AIM OF THE EXERCISE: Take the records below and set down exactly the lines from the one with "Pendentif Or Blanc" to the one with "這當(dāng)中最具有依憑", ends included; do not copy the pictures.
PROVIDED MATERIAL Block Start
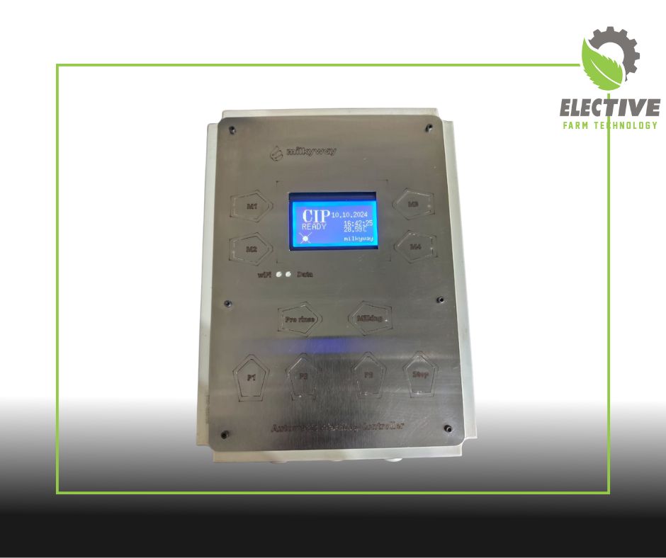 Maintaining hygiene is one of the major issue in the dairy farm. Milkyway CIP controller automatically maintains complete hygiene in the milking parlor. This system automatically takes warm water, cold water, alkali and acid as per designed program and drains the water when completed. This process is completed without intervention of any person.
PROVIDED MATERIAL Block End
PROVIDED MATERIAL Block Start
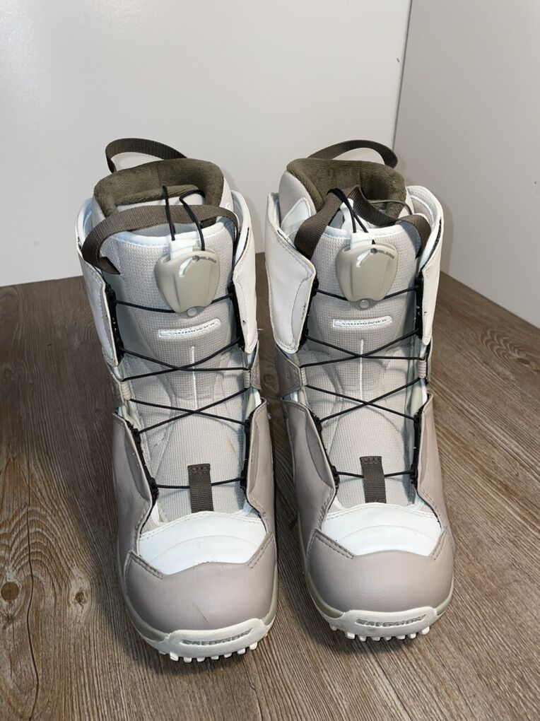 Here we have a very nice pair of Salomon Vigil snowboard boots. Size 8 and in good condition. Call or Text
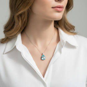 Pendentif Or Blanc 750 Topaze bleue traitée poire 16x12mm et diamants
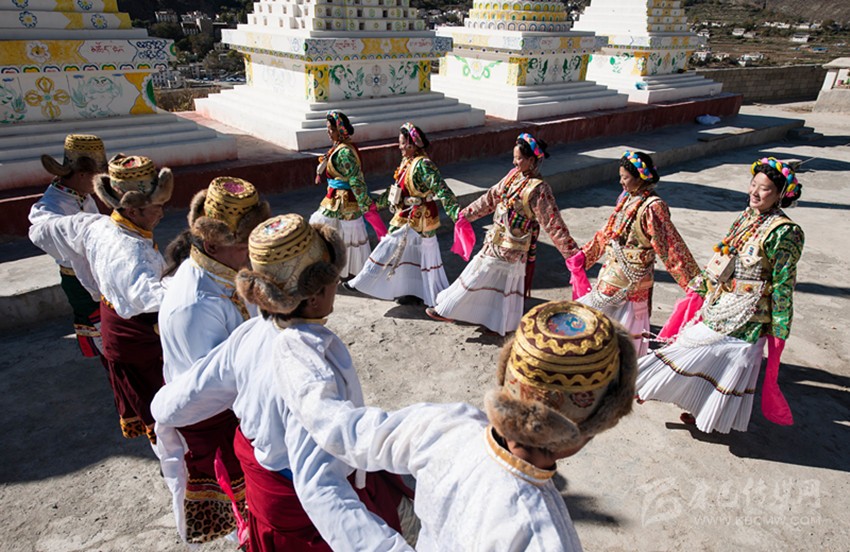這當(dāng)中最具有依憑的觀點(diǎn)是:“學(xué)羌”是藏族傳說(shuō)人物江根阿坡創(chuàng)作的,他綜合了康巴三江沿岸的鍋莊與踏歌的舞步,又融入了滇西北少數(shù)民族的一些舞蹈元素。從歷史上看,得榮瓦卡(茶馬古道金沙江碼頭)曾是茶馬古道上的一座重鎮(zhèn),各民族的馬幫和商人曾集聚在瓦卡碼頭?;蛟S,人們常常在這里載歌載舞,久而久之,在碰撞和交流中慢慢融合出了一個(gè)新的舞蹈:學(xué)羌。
PROVIDED MATERIAL Block End
RESPONSE TO THE TASK:
 Pendentif Or Blanc 750 Topaze bleue traitée poire 16x12mm et diamants
這當(dāng)中最具有依憑的觀點(diǎn)是:“學(xué)羌”是藏族傳說(shuō)人物江根阿坡創(chuàng)作的,他綜合了康巴三江沿岸的鍋莊與踏歌的舞步,又融入了滇西北少數(shù)民族的一些舞蹈元素。從歷史上看,得榮瓦卡(茶馬古道金沙江碼頭)曾是茶馬古道上的一座重鎮(zhèn),各民族的馬幫和商人曾集聚在瓦卡碼頭?;蛟S,人們常常在這里載歌載舞,久而久之,在碰撞和交流中慢慢融合出了一個(gè)新的舞蹈:學(xué)羌。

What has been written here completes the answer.